We can see the $L$ and $U$ we get are different from the ones we got in the last section by hand. You will also see there is a permutation matrix $P$ that returned by the lu function. This permutation matrix record how do we change the order of the equations for easier calculation purposes (for example, if first element in first row is zero, it can not be the pivot equation, since you can not turn the first elements in other rows to zero. Therefore, we need to switch the order of the equations to get a new pivot equation). If you multiply $P$ with $A$, you will see that this permutation matrix reverse the order of the equations for this case.

Example¶

Multiply $P$ and $A$ and see what's the effect of the permutation matrix on $A$.

In [20]:
print(np.dot(P, A))
[[ 8.  8.  0.]
 [-2. -4.  5.]
 [ 4.  3. -5.]]

Summary¶

  1. Linear algebra is the foundation of many engineering fields.
  2. Vectors can be considered as points in ${\mathbb{R}}^n$; addition and multiplication are defined on them, although not necessarily the same as for scalars.
  3. A set of vectors is linearly independent if none of the vectors can be written as a linear combination of the others.
  4. Matrices are tables of numbers.

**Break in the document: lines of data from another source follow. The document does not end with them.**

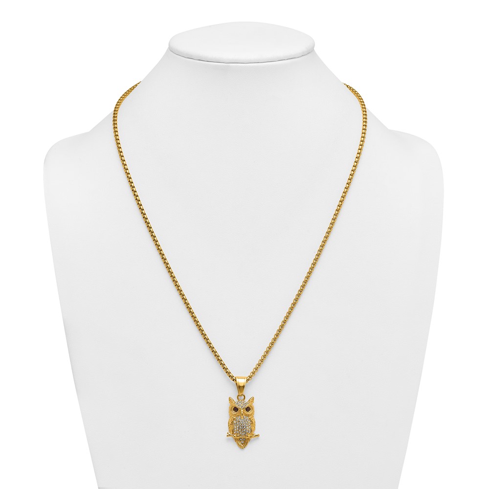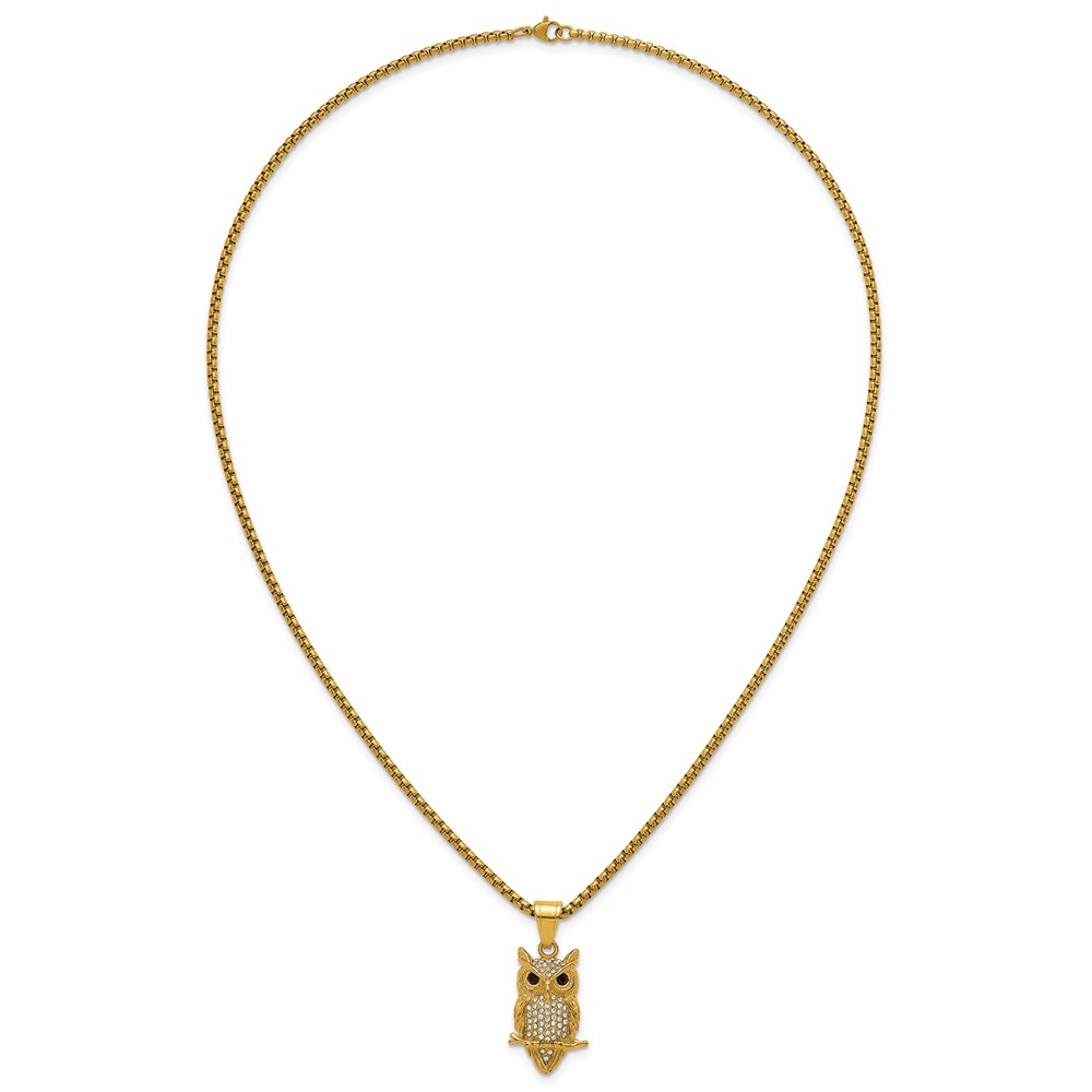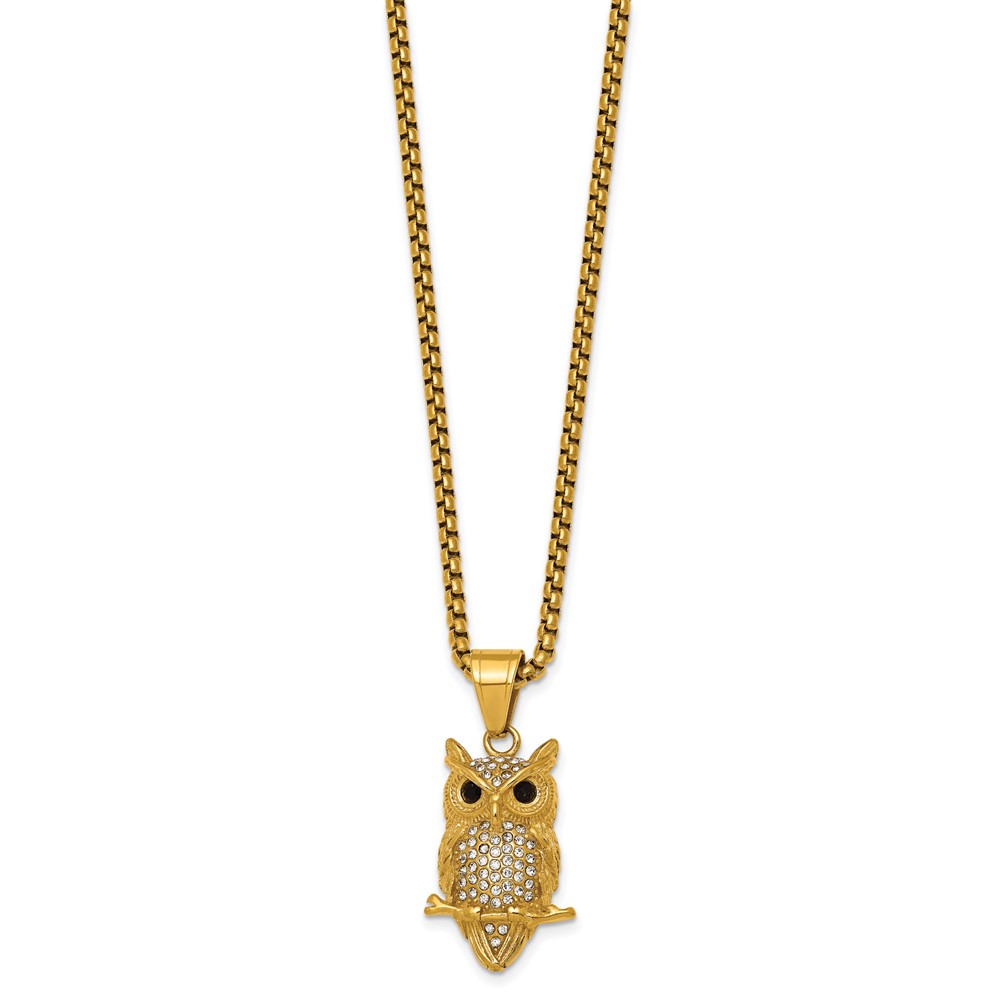 Stainless Steel Polished Yellow IP-plated Crystal Owl 24in Necklace
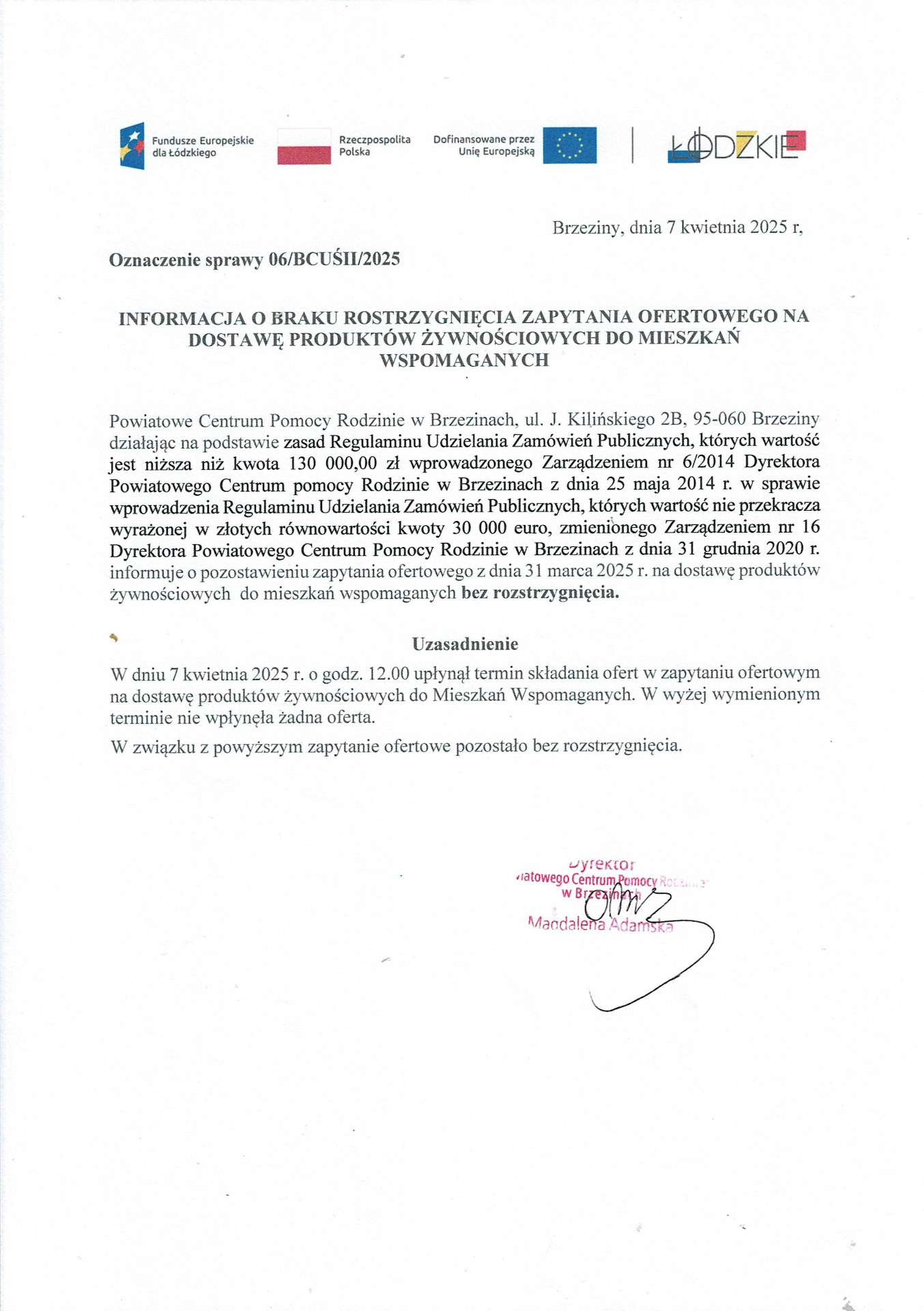 Brzeziny, dnia 31 marca 2025 r. Zapytanie...
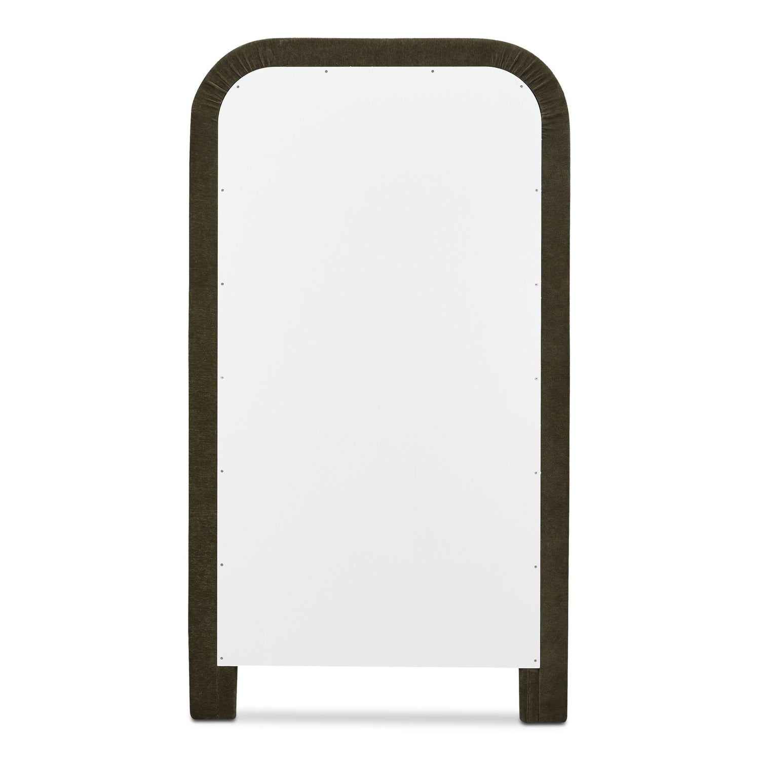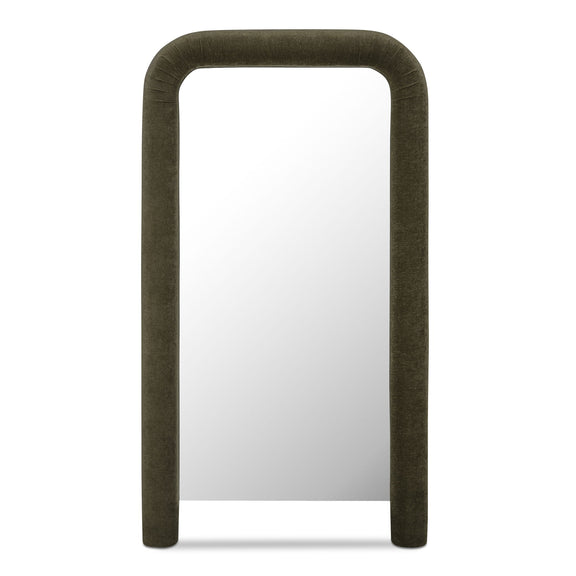 - Large floor mirror with modern, soft corners with ruched detail & soft-touch fabric upholstery
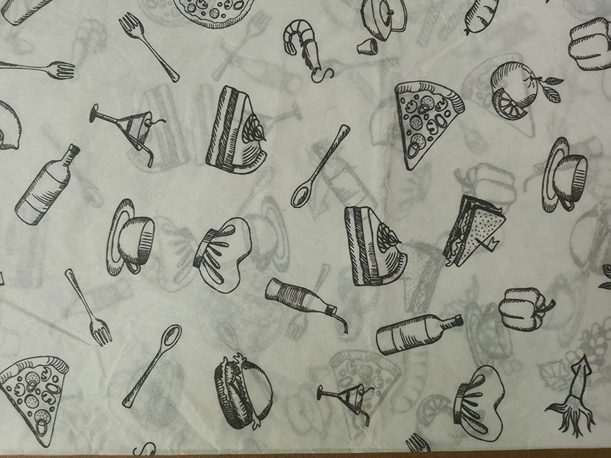 20-60GSM প্রিন্টেড লোগো সাইজ ফুড সেফ গ্রেড বার্গার পেপার র্যাপিং ওয়াক্স কোটেড পেপার
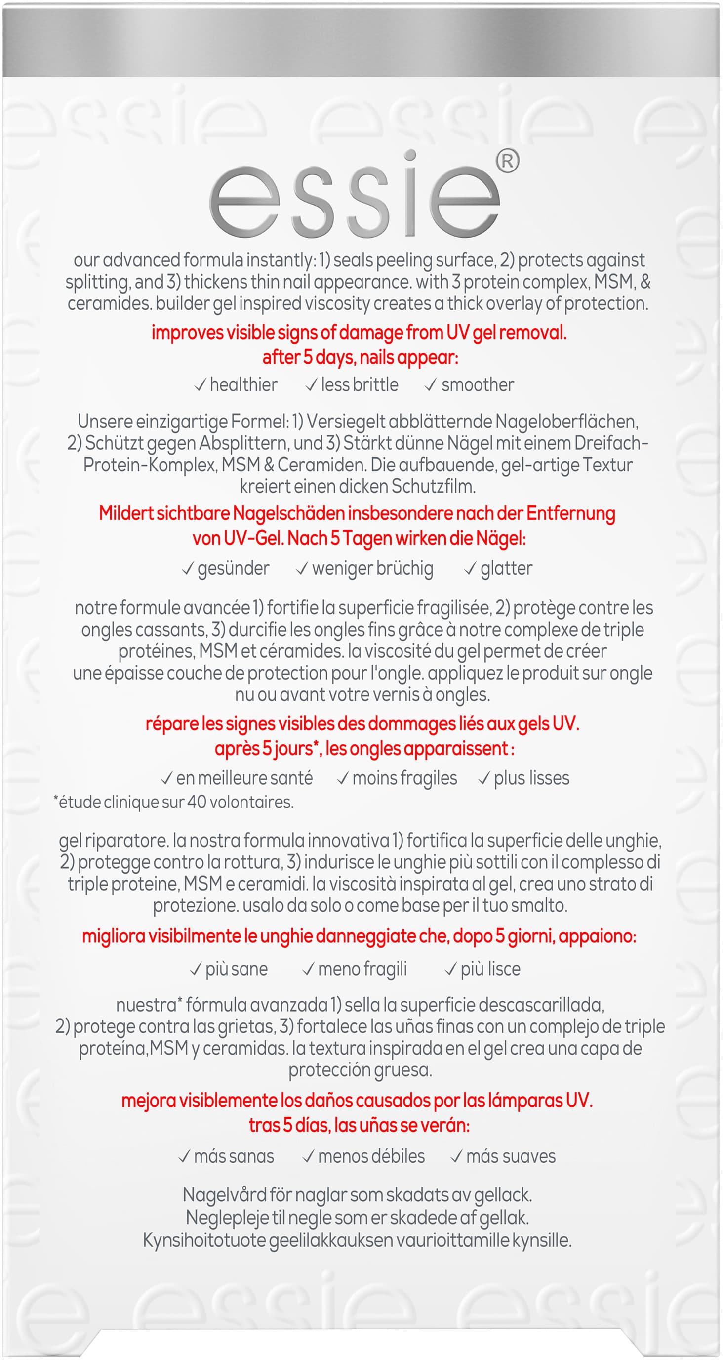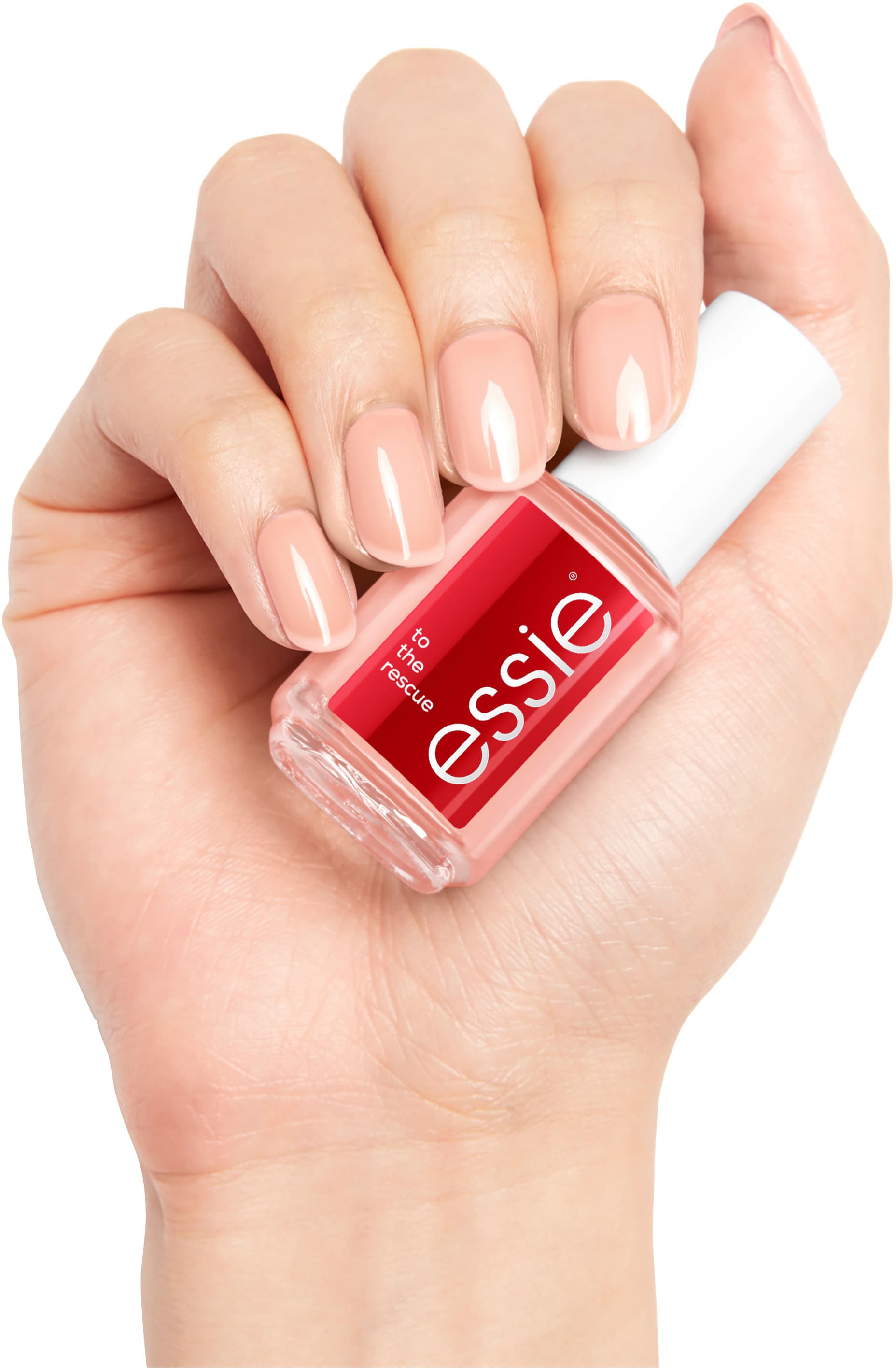 Schnelle und effektive Hilfe gegen rissige und brüchige Nägel! Die innovative Formel mit dreifachem Proteinkomplex und stärkenden Ceramiden hilft bei der Regenerierung beschädigter Nägel – in nur 5 Tagen. Die gelartige Textur des to the rescue nail repair von essie überzeugt mit einer leichten, natürlich aussehenden Abdeckung und gläzendem Finish für einen dezenten und natürlichen Look. Der pflegende Nagellack besteht aus veganen Inhaltsstoffen und kommt ganz ohne Formaldehyd aus, legt sich wie ein Schutzschild auf die Nägel und schützt sie vor dem Absplittern und versiegelt abblätternde Oberflächen langfristig. Dünne, von z.B. Acrylnägeln oder von der UV-Gel Entfernung beschädigte Nägel werden in kürzester Zeit aufgebaut und repariert.
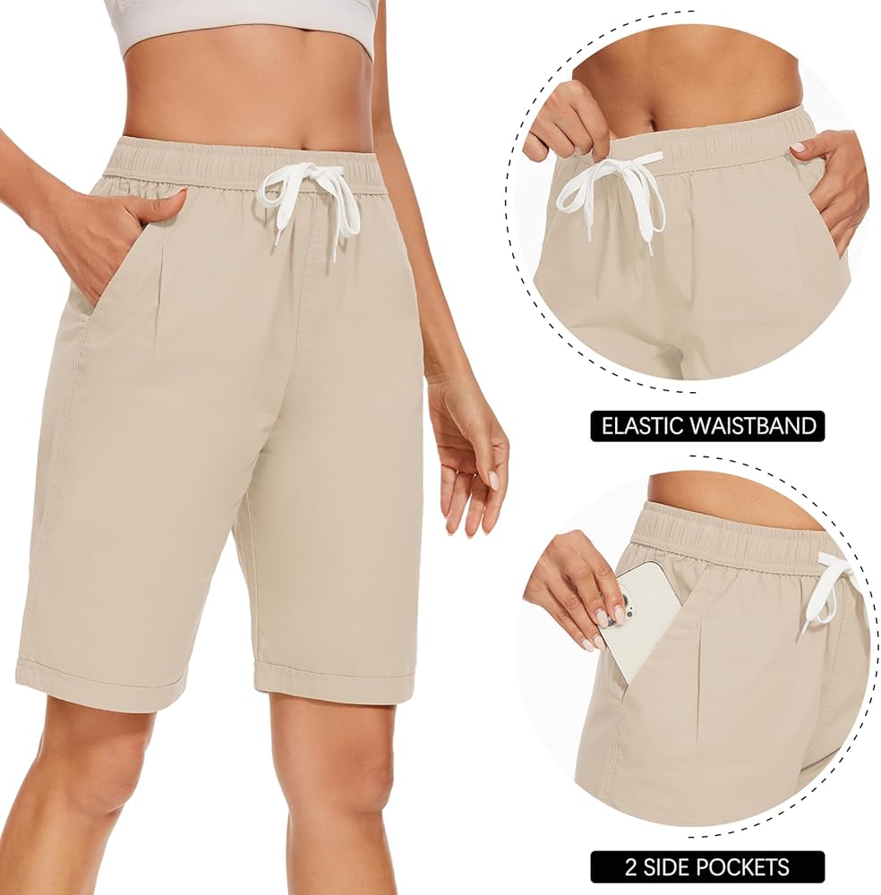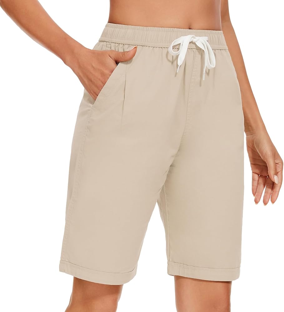 شورت برمودا قطني: شورت نسائي بطول الركبة مصنوع من القطن بنسبة 100%، القماش خفيف الوزن، صديق للبشرة، ناعم، مسامي، ماص للرطوبة، يبقيك منتعشًا ومرتاحًا أثناء الترفيه الصيفي والأنشطة الخارجية
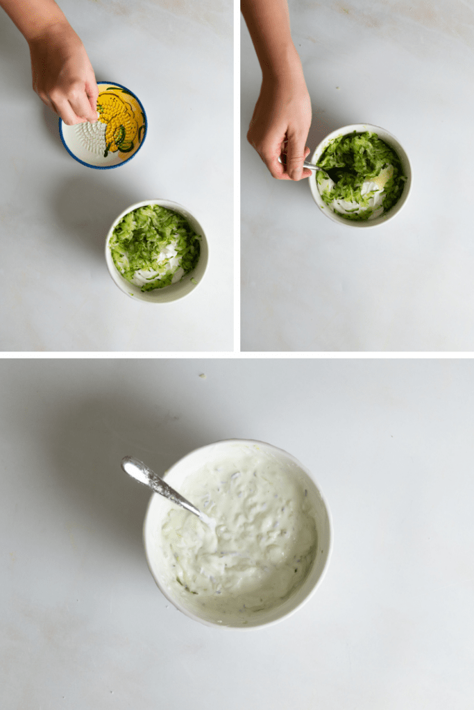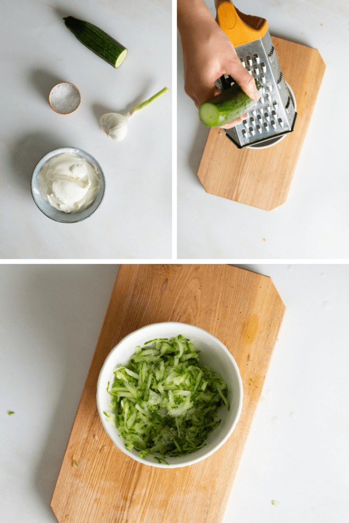 Gurke grob raspeln und mit etwas Salz vermengen. Ca. 10 Minuten stehen lassen, sodass überschüssiges Wasser aus der Gurke austreten kann. Gurkenraspel dann durch ein Sieb gießen und ausdrücken.
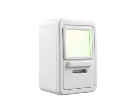 Isolated rendering of an ATM machine showing money being withdrawn for cash transactions

They have several important properties including the determinant, rank, and inverse.
  5. A system of linear equations can be represented by the matrix equation $Ax = y$.
  6. The number of solutions to a system of linear equations is related to the rank($A$) and the rank($[A,y]$). It can be zero, one, or infinity.
  7. We can solve the equations using Gauss Elimination, Gauss-Jordan Elimination, LU decomposition and Gauss-Seidel method.
  8. We introduced methods to find matrix inversion.